9、对于outliers的处理：可以直接删除，或者做一些transformations

10、使用ensemble models（如bagging, boosting），random forest就是一种。

**Machine Learning Project Checklist**

*Reference: Aurelien Geron, Hands-On Machine Learning with Scikit-Learn & TensorFlow*

There are eight main steps of Machine learning Project(you should feel free to adapt this checklist to your needs):

- 1.Frame the problem and look at the big picture.
- 2.Get the data
- 3.Explore the data to gain insights
- 4.Prepare the data to better expose the underlying data patterns to Machine Learning algorithms
- 5.Explore many different models and short-list the best ones
- 6.Fine-tune your models and combine them into a great solution
- 7.Present your solution
- 8.Launch, monitor, and maintain your system

**1.Frame the problem and look at the big picture**

- Define the objective in business terms.
- How will your solution be used?
- What are the current solutions/workarounds(if any?)
- How should you frame this problem (supervised/unsupervised, online/offline, etc.)?
- How should performance be measured?
- Is the performance measure aligned with the business objective?
- What would be the minimum performance needed to reach the business objective?
- What are comparable problems? Can you reuse experience or tools?
- Is human expertise available?
- How would you solve the problem manually?
- List the assumptions you(or others) have made so far.
- Verify assumptions if possible

**2.Get the data**

Note: automate as much as possible so you can easily get fresh data.

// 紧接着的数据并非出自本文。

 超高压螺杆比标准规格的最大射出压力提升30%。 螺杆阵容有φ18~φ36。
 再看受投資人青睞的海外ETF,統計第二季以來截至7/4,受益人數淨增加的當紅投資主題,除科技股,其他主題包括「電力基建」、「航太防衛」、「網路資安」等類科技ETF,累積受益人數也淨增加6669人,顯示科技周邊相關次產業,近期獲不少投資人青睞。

- List the data you need and how much you need
- Find and document where you can get that data
- Check how much space it will take
- Check legal obligations, and get authorization if necessary
- Get access authorizations
- Create a workspace(with enough storage space)
- Get the data
- Convert the data to a format you can easily manipulate(without changing the data itself)
- Ensure sensitive information is deleted or protected(e.g., anonymized)
- Check the size and type of data(time series, sample, geographical, etc)
- Sample a test set, put it aside, and never look at it(no data snooping!)

**3.Explore the Data**

Note: try to get insights from a field expert for these steps.

- Create a copy of the data for exploration (sampling it down to a manageable size if necessary)
- Create a Jupyter notebook to keep a record of your data exploration
- Study each attribute and its characteristics"
- Name
- Type (categorical, int/float, bounded/unbounded, text, structured, etc)
- % of missing values
- Noisiness and type of noise(stochastic, outliers, rounding errors, etc)
- Possibly useful for the task?
- Type of distribution (Gaussian, uniform, logarithmic, etc)

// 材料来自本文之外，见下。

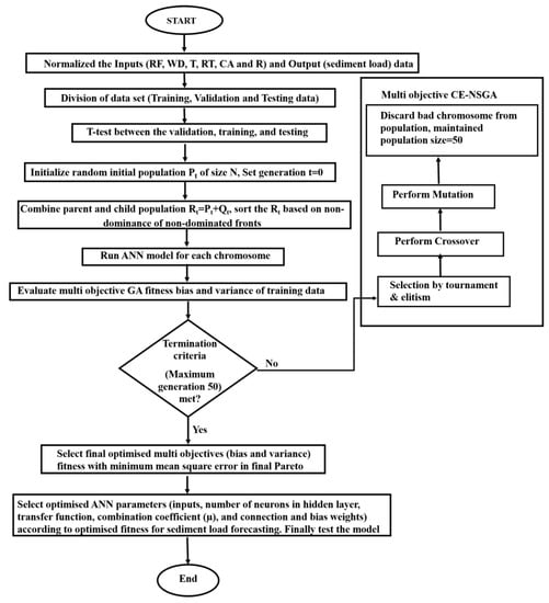 The ANN model parameters are optimized using GA by optimizing a single objective, namely Mean Square Error (MSE), as a criterion for the evaluation of performance, which is found in various studies [29,30]. Furthermore, the performance of feed-forward back-propagation ANN is also determined by achieving the lowest possible MSE [31]. The drawbacks of using a single objective (MSE) for the optimization of parameters of ANN have been well documented in past research [31,32]. The MSE is a summation of error variance and squared mean error (bias). MSE minimization does not guarantee that both error variance and bias are minimized. There is a conflict between bias (mean error) and variance, both of which affect ANN performance (MSE) [32]. In influencing MSE of estimation or forecasting, bias and variance contradict each other, resulting in significant uncertainty in evaluation. If one of them is reduced, then the other is increased [33]. Thus, the model selection issue can be viewed as a multi-objective optimization issue. As a result, minimizing both components is critical for attending generalization to avoid overfitting or underfitting with greater accuracy. Underfitting is caused by bias, whereas overfitting is caused by variance, which limits the model’s generalization ability and contributes to its poor performance [31]. The optimization and compromise of bias and variance multi-objectives result in a reliable and accurate model [34,35]. The GA is a well-suited population-based search method for problems involving multiple objectives [19,36]. The Non-Dominated Sorting GA (NSGA), Controlled Elitist GA (CEGA), and Elitist Non-Dominated Sorting GA (NSGA-II) are more familiar with GA-based multi-objective algorithms [37]. Controlled Elitist Gas are more capable of maintaining population diversity for getting to the best Pareto front by controlling the number of elites than NSGA-II and NSGA [35]. Therefore, the Controlled Elitist MOGA-based ANN model has been used to optimize these two contradicting responses (variance and bias). Recently, many works of literature are available in various fields for prediction and forecasting using multi-objective optimization for ANN and it was found that the system’s accuracy could be increased using this hybrid approach [38,39,40]. Rosales-Pérez [33] applied multi-objective GA for the optimization of AI models such as Support Vector Machine (SVM) parameters by optimizing bias and variance. Recently, there are few studies that have been conducted on the multi-objective optimization-based model to estimate the sediment load or suspended sediment concentration [41,42].
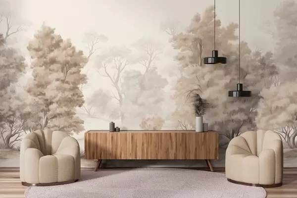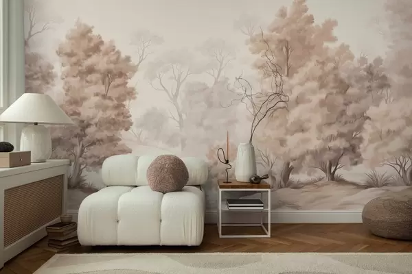 Fotomurales Pintura paisajística texturizada que imita un bosque con árboles altos y hierba, colores apagados y suaves, escena relajante Nr. w09474
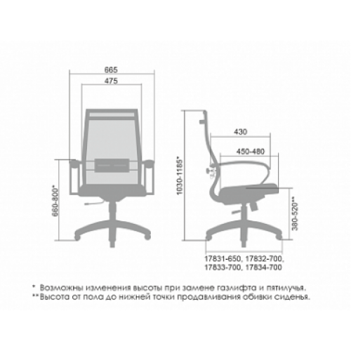 **Высота сиденья в верхнем и нижнем положении может быть изменена, в зависимости от модели применяемого газ-лифта.

- For supervised learning tasks, identify the target attributes(s)
- Visualize the data
- Study the correlations between attributes.
- Study how you would solve the problem manually
- Identify the promising transformations you may want to apply
- Identify extra data that would be useful(go back to "Get the data" step)
- Document what you have learned

**4.Prepare the data**

Note:

- Work on copies of the data (keep the original dataset intact)
- Write functions for all data transformations you apply, for five reasons:
- So you can easily prepare the data the next time you get a fresh dataset
- So you can apply these transformations in future projects
- To clean and prepare the test set
- To clean and prepare new data instances once your solution is live
- To make it easy to treat your preparation choices as hyperparameters.

Steps:

- Data cleaning:
- Fix or remove outliers (optional)
- Fill in missing values (e.g. with zero, mean, median...) or drop their rows(or columns).

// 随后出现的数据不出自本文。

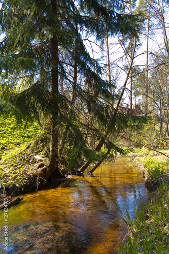 Obraz premium Лесной ручей в соснах
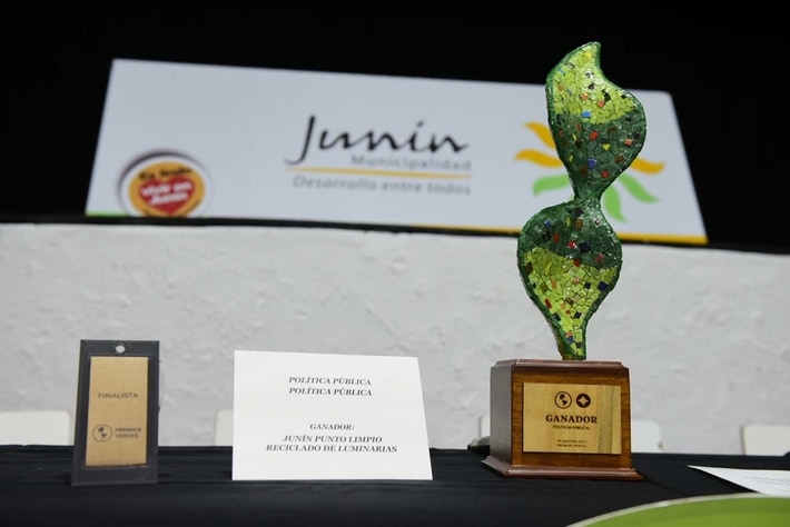 Gracias al impacto generado en materia de sostenibilidad con el reciclado de luminarias de sodio a LED, Junín fue premiado en esta novena edición del certamen, donde también integraron la terna final de la categoría la Municipalidad de Godoy Cruz, con su programa Ecocanje, y Convenciones y Parques de México, con Expo Verde #AhoraTeTocaATi.
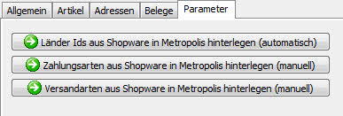 Falls Sie bereits mit einem aktiven Shopware System arbeiten, müssen ggfs. die Länder zwischen metropolis und Shopware verknüpft werden. Dies geschieht über den Button Länder Ids aus Shopware in metropolis hinterlegen (automatisch). metropolis versucht dann die Länder zu identifizieren und trägt die Shopware-ID des Landes in metropolis unter Adressen/Parameter/Länder bei dem dazugehörigen Land ein.
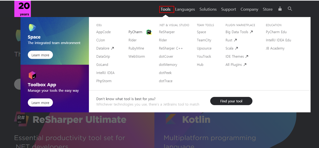 pycham 다운로드를 위해 https://www.jetbrains.com/로 이동합니다.
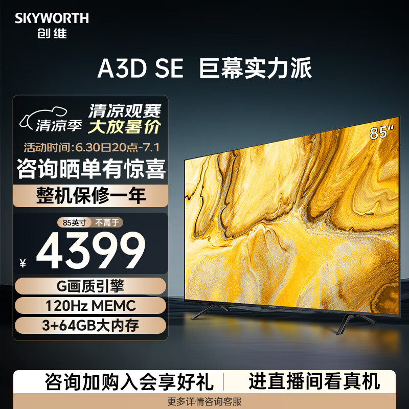 创维电视85A3D SE85英寸电视机G画质引擎3+64G 120Hz MEMC远场语音护眼平板液晶巨幕大屏价格:4399.00元!
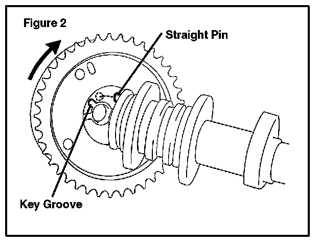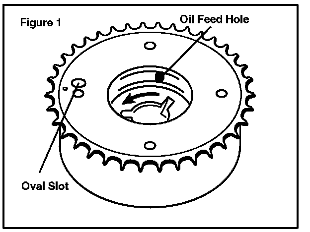A. The camshaft timing gear should come in the unlocked position from the factory. If it is difficult to install the camshaft timing gear, the lock pin may be engaged. To disengage the lock pin, apply and hold approximately 20 psi of air pressure at the oil feed hole located 90 degrees clockwise of the oval slot. (See Figure 1.) Once the pin has released, turn the interior assembly counterclockwise. (See black arrow in Figure 1.)
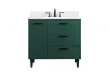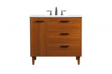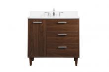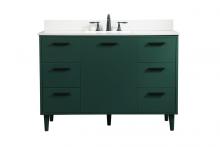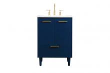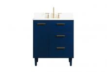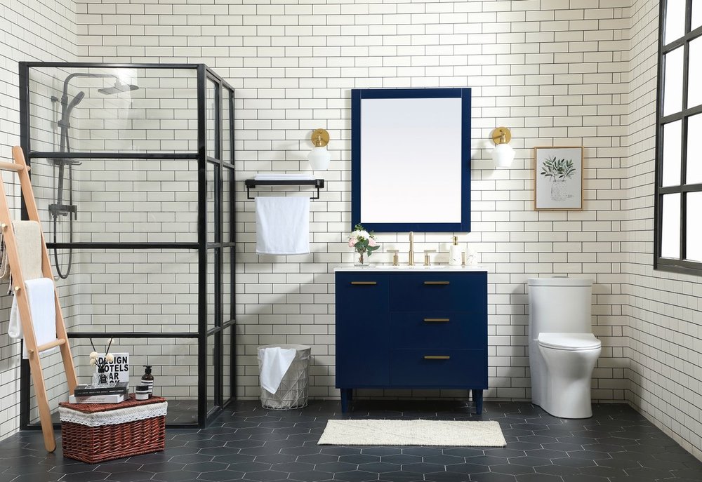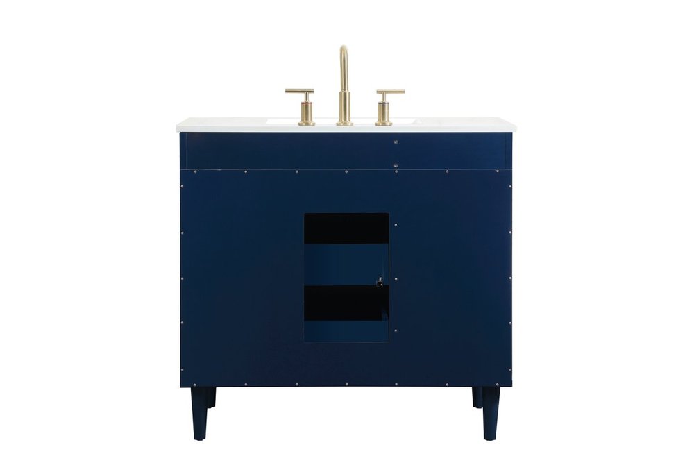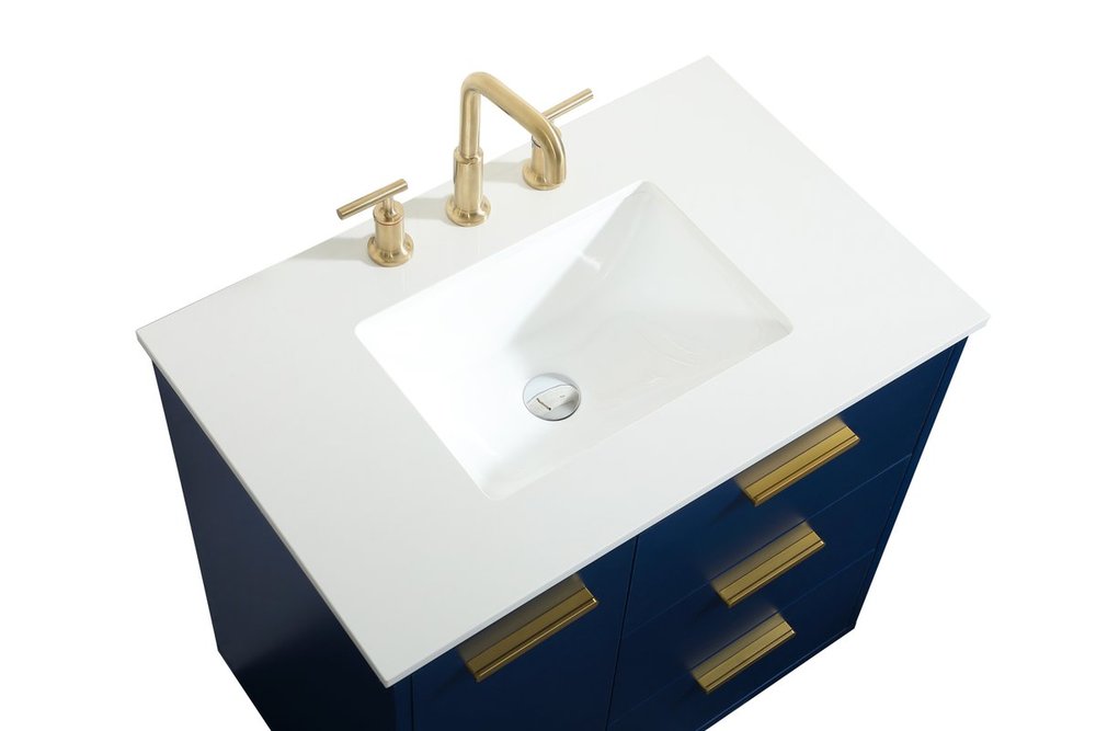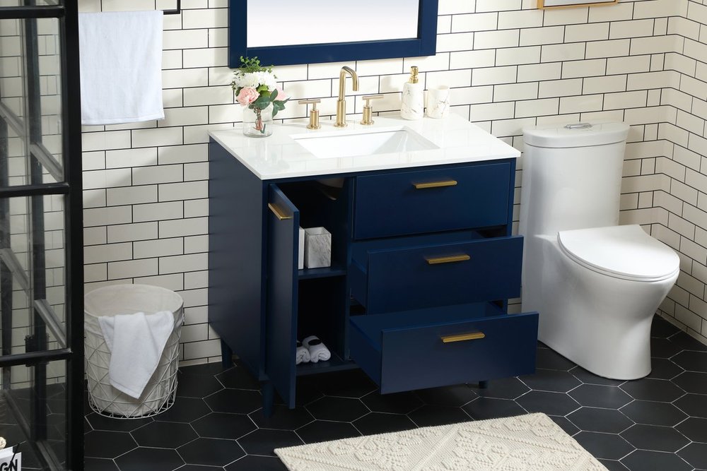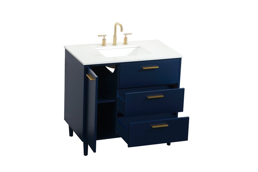 Modern sophistication is defined with the blue finish and gold barpulls of this vanity and slender tapered legs. Its length makes it the perfect addition to any sized home, and saves space with its storage area hidden behind the Single cabinet door and two bottom drawers. Topped with a highly durable engineered stone countertop and a porcelain undermount sink, this modern design will become your focal point of your bathroom or powder room. Equipped with soft-closing drawer and doors adds a quiet functional touch.

- Feature selection (optional)
- Drop the attributes that provide no useful information for the task

- Feature engineering, where appropriate:
- Discretize continuous feature
- Decompose features (e.g., categorical, date/time, etc.).
- Add promising transformations of features(e.g., log(x), sqrt(x), x^2, etc)
- Aggregate features into promising new features.

- Feature scaling: standardize or normalize features.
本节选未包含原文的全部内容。